Submission: switch (...) instanceof feature
Jeroen van Maanen
jeroen at lexau.org
Sun Mar 29 13:43:02 PDT 2009
Artur Biesiadowski wrote:
> 1) Why case void: instead of case null: ?
Yes, I agree that it is potentially confusing. At the other hand, null is an instance not a type. It would also be possible to add a type or even a keyword to describe the type of null, but that would increase the impact of the change and it would mean another type with no instances. I thought that void would pretty much fit the descrition of what I would like: a keyword that indicates a type that would not have any actual instances. I suppose that if we are stretching the exact meaning of the terms anyway, then 'case null:' would probably just be as well and easier to remember.
> 2) What is a expected behavior in case of multiple matches ? For example
I propose to do strict top-down first-match-only evaluation, because if the given variable matches many of the labels and the types of the labes belong to a complicated hierarchy of interfaces, then reordering the cases according to inheritance could lead to unpredictable results. I don't think that executing all matching blocks would be a good idea, because I think that many code readers would not expect this from a switch statement. Although it would be possible to allow a fallthrough from a specific type to a super type, I am afraid that allowing such highly constrained constructions would lead to code that is hard to read and easy to misunderstand.
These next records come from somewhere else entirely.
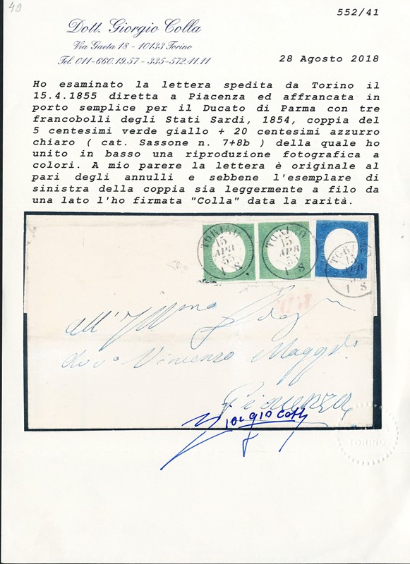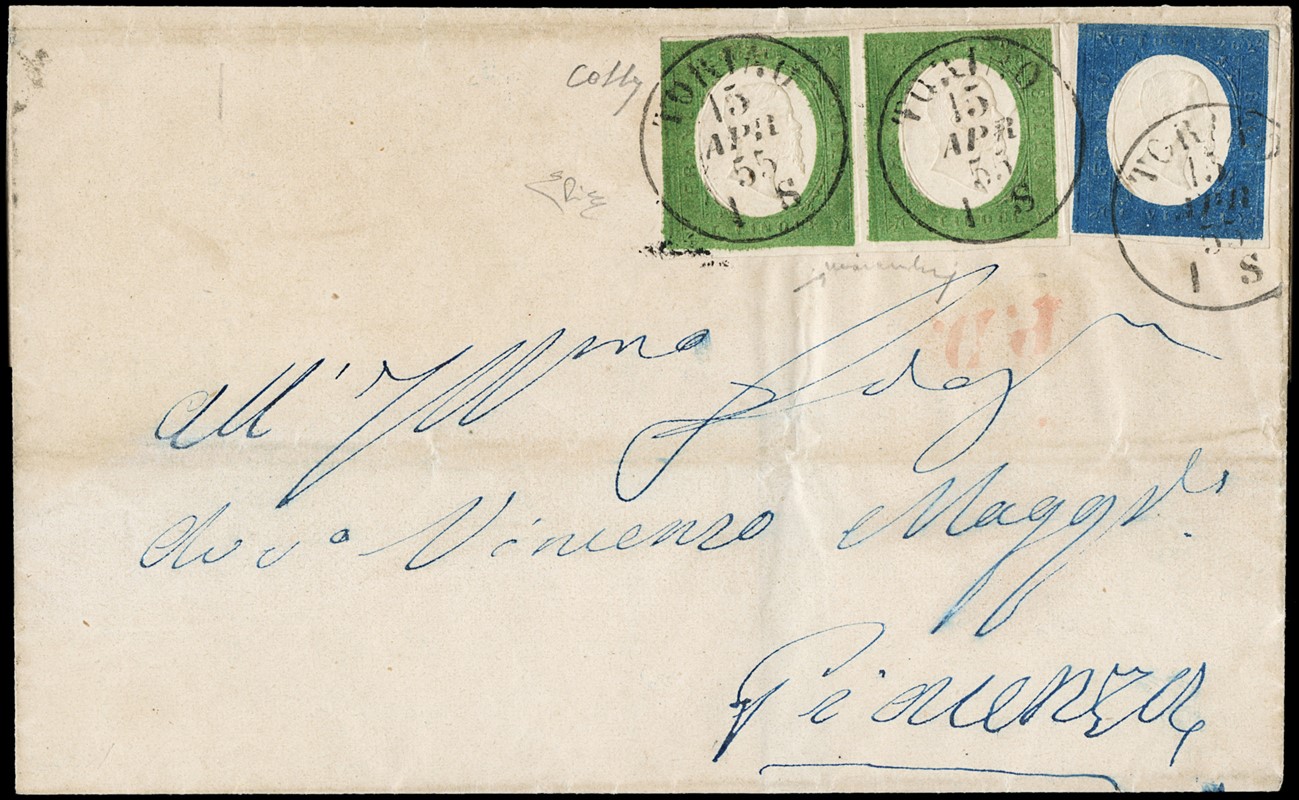 1854 - Sardegna, III emissione, 5c verde giallo, coppia orizzontale (a filo a sinistra), e 20c azzurro chiaro (a filo in alto) da 'TORINO 15 APR 55' a Piacenza (Ducato di Parma). Rara affrancatura bicolore. Firme E.Diena e Chiavarello, CF Colla (Sassone 7+8b - Euro 28.000+)
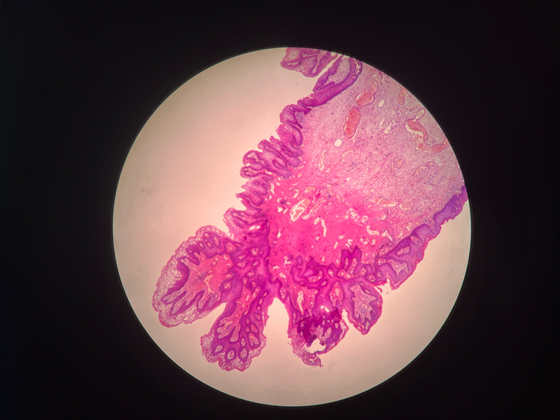灰红组织一个,约1✖️0.5✖️0.4cm,基底宽
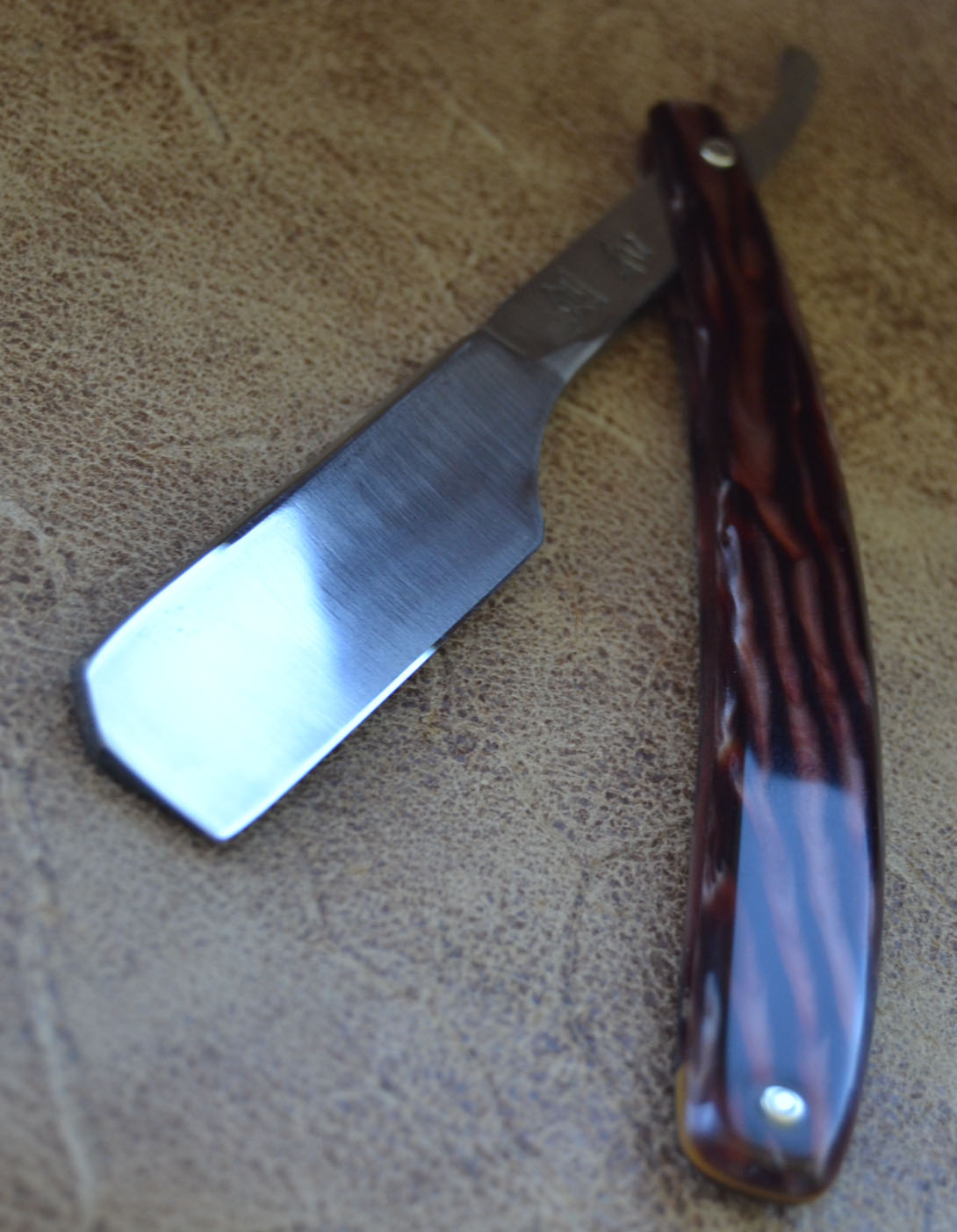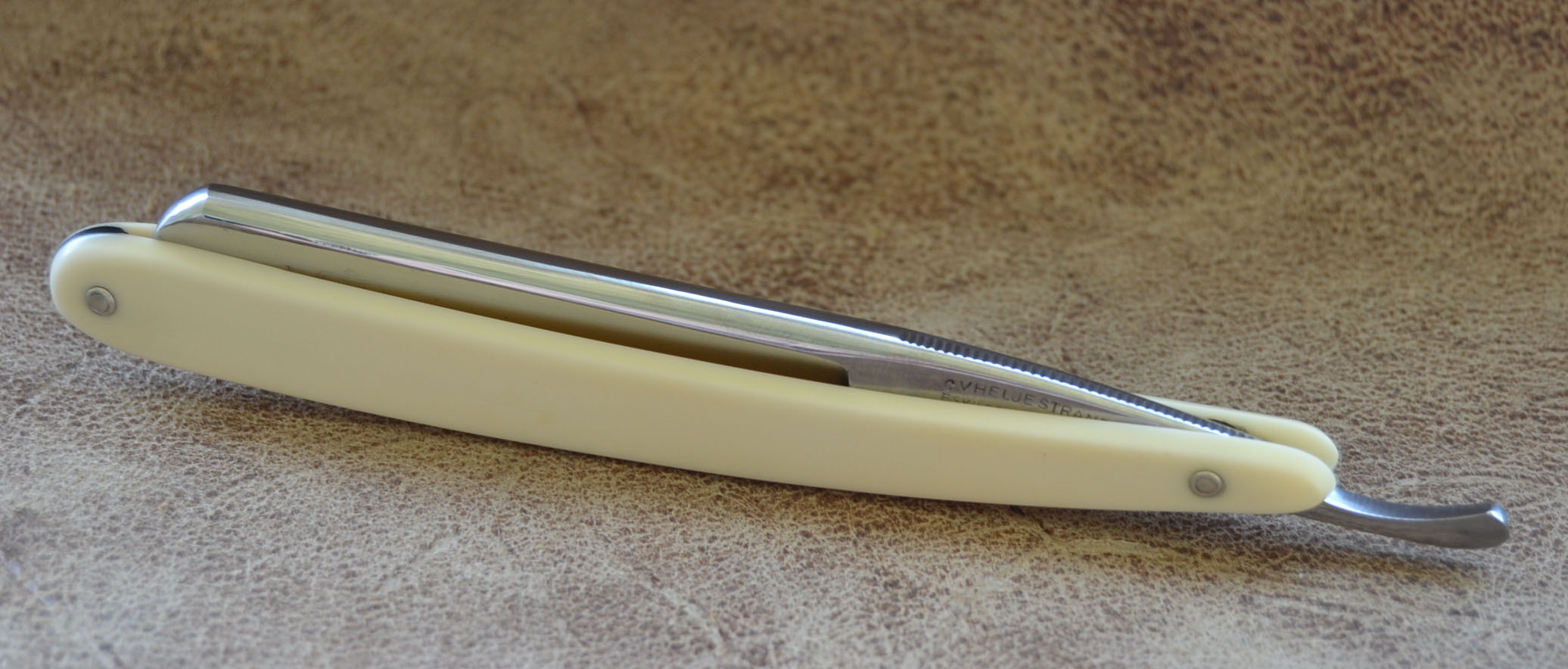 Германия, Золинген. Ширина 6/8, вогнутость полная, трехпиновая рукоять из целлулоида. Неиспользованная бритва после небольших реставрационных работ. Заточена и готова к бритью. Продано Spoiler Show
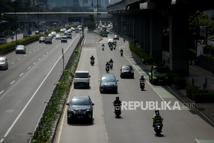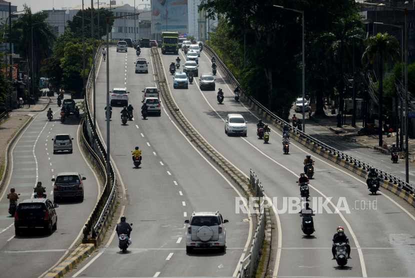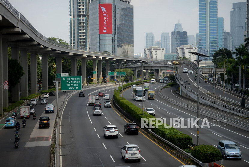 Kendaraan melintasi di Jalan Gatot Subroto, Jakarta, Kamis (23/3/2023). Pada hari pertama puasa/ramadan sejumlah jalanan ibu kota terlihat lengang hal ini karena sebagian perkantroan menerapkan cuti bersama hari raya Nyepi. Ditlantas Polda Metro Jaya memprediksi kemacetan di Ibu Kota Jakarta terjadi lebih awal di pagi dan sore hari pada pekan pertama Ramadan 1444 H. (FOTO : Republika/Prayogi.)

> switch(collection) instanceof {
>
> case RandomAccess:
> ...
>
> case List:
> ...
>
> case Collection:
> ...
>
>
> }
>
> Do I need to put switch cases in correct order because of top-to-down
> evaluation or most specific one will be used? Or maybe all matching ones ?
>
> 3) I think you have forgotten to put 'break' in your examples, unless
> you plan to disallow fall-through.
Ah, I should have made that explicit. No breaks necessary and no lists of labels before a statement block. I could not think of a way to get the casts right in a fallthrough situation. Maybe it would be less confusing to make break a compulsory statement at the end of each statement block. That is:
TypeSwitchBlockStatementGroup:
TypeSwitchLabel BlockStatements break ;
What do you think?
> Regards,
> Artur Biesiadowski
I just thought about another situation that needs to be clarified:
4) How does the switch instanceof statement handle generics?
I would like to see
switch (model) instanceof {
FreeMarkerModel:
template.process(..., model);
Map:
template.process(..., toFMM(model))
}
translated as
if (model instanceof FreeMarkerModel) {
FreeMarkerModel model$1 = (FreeMarkerModel) model;
template.process(..., model$1);
}
else if (model instanceof Map<?,?>) {
Map<?,?> model$2 = (Map<?,?>) model;
template.process(..., toFMM(model$2));
}
So each type parameter that we cannot guess would be specified as ?.
The following would be illegal, because the specification allows no type parameters after the type name in a label.
switch (model) instanceof {
...
Map<String,Object>:
...
}
This is fine, because I can't think of a way where the desugared code would be free of "unchecked" warnings.